**DATA SECTION:**
####################

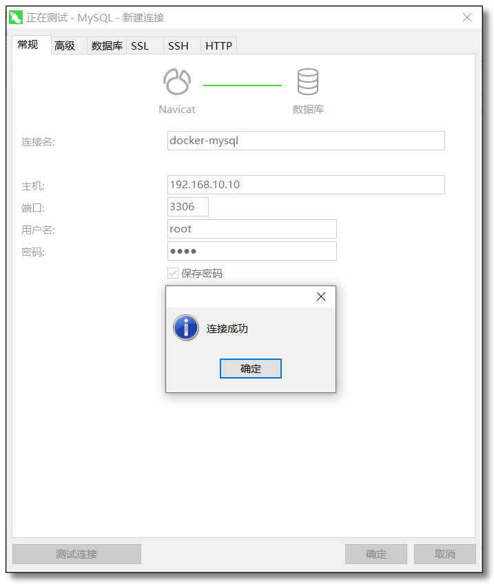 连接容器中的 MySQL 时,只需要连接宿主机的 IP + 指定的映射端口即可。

####################

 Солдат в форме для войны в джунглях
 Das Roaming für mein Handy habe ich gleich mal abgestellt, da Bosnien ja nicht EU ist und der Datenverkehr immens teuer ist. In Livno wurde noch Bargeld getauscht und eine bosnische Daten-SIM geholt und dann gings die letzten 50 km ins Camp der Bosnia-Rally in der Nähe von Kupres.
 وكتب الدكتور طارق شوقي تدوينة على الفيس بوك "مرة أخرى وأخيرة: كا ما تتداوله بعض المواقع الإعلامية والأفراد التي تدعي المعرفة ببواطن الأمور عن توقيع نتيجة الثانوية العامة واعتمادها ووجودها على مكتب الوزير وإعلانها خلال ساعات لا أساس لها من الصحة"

####################

**WHAT YOU HAVE TO DO:** Nothing but the lines above from the one containing "Солдат в форме для войны в джунглях" through the one containing "وكتب الدكتور طارق" should appear in the answer, each repeated exactly.

**RESULT OF THIS TASK:**
 Солдат в форме для войны в джунглях
 Das Roaming für mein Handy habe ich gleich mal abgestellt, da Bosnien ja nicht EU ist und der Datenverkehr immens teuer ist. In Livno wurde noch Bargeld getauscht und eine bosnische Daten-SIM geholt und dann gings die letzten 50 km ins Camp der Bosnia-Rally in der Nähe von Kupres.
 وكتب الدكتور طارق شوقي تدوينة على الفيس بوك "مرة أخرى وأخيرة: كا ما تتداوله بعض المواقع الإعلامية والأفراد التي تدعي المعرفة ببواطن الأمور عن توقيع نتيجة الثانوية العامة واعتمادها ووجودها على مكتب الوزير وإعلانها خلال ساعات لا أساس لها من الصحة"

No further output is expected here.